I keep all my critical files on my NAS, accessible from any of my machines at any time.
That NAS has a daily local backup via external SATA drive, and a daily network backup on a second NAS on the other side of the house.
My primary NAS is a Synology DS413 4-drive model, although I currently don't have 4 drives in it. I run each drive as an independent separate volume, which makes managment a lot easier, and keeps speeds high. My multimedia is housed here, as are my critical files.
My secondary NAS is a Synology DS211j 2-drive model. It acts as my surveillance camera recording drive, as well as the backup for my critical files on the DS413.
If you want a Synology NAS for multimedia playback, one consideration is to get one that does transcoding on the fly. However, I didn't bother because I'm told it doesn't always work perfectly, and more importantly, most current portable devices can handle even high bitrate video these days. My iPhone has no problems playing a 10 GB MKV file.

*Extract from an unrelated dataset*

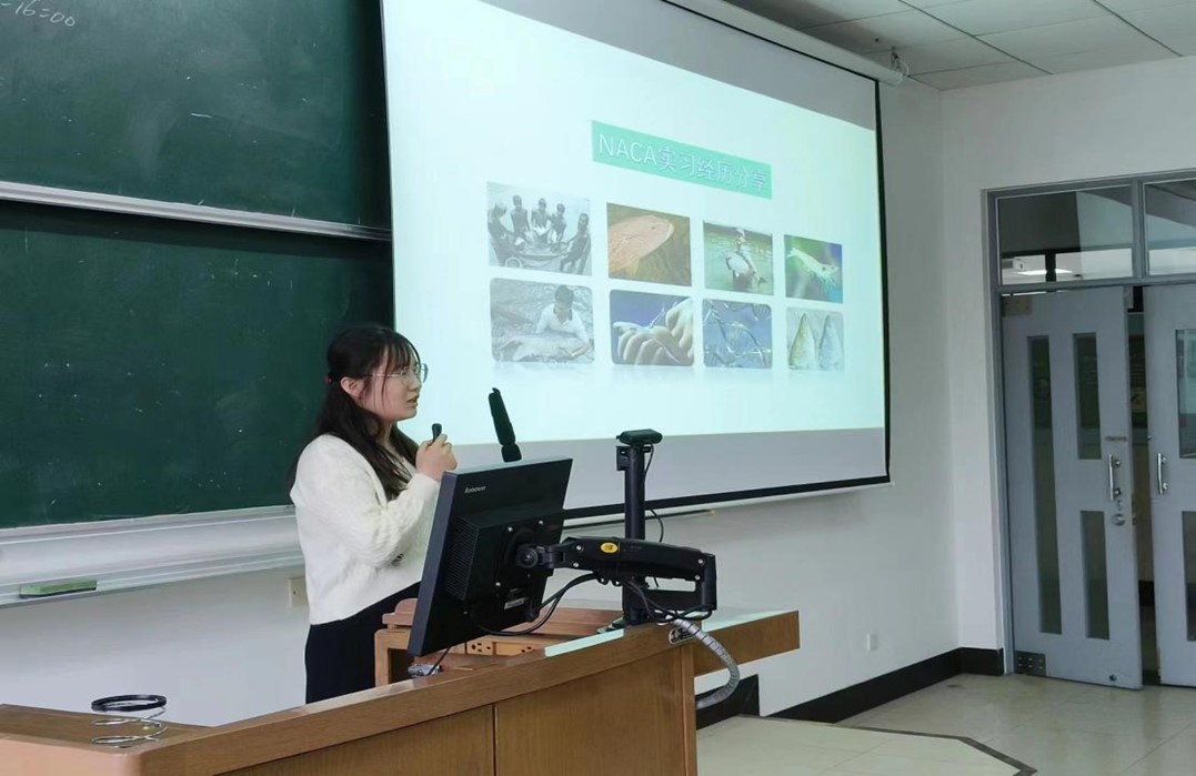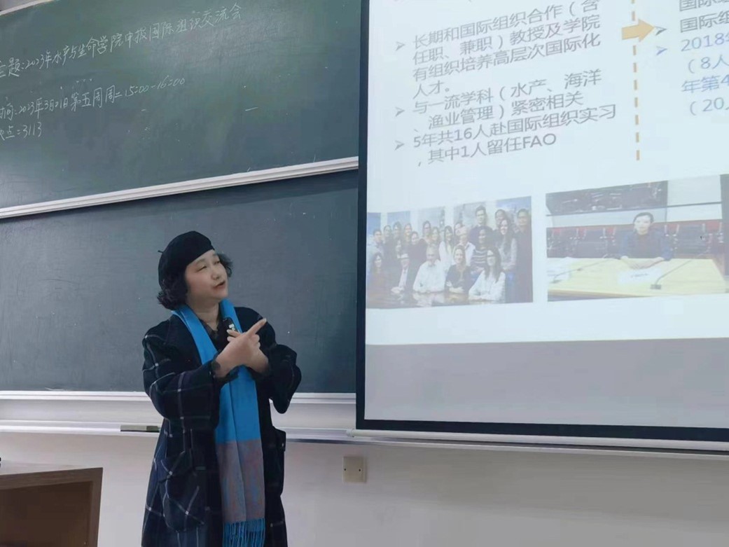 朱章华从全球视野导入,从中国国际组织任职现状、国际渔业组织人才培养情况以及国际组织实习生项目三个方面为员工们展开详细介绍。她指出,目前我国在国际组织中存在任职不足的问题并分析原因,同时通过公司历年赴国际组织实习交流的优秀典型人物事迹来鼓励同学们打开视野,大胆走出校门、走向国际,展示一流学子风采,为全球粮食安全、渔业发展提供中国智慧、中国方案。

I think more important is the read/write performance. For that you need a fast CPU. Luckily, in 2014, they have the DS414j for a 4-bay model, which includes a dual-core ARM Cortex A9 at 1.2 GHz. It also has a decent 512 MB RAM which is good for OS performance, and USB 3 for fast local backup.
For your usage otherwise a DS213j would suffice, but it only has a single-core CPU so performance suffers a bit, and it doesn't have USB 3 or SATA for fast local backups. That said, USB 2 is OK after the initial backup, since subsequent backups are incremental.
These do have AFP and Time Machine support, but I don't know how well that works, since I never use it. I back up my computers locally. I don't have to do it all that often either because my critical data is on the NAS anyway.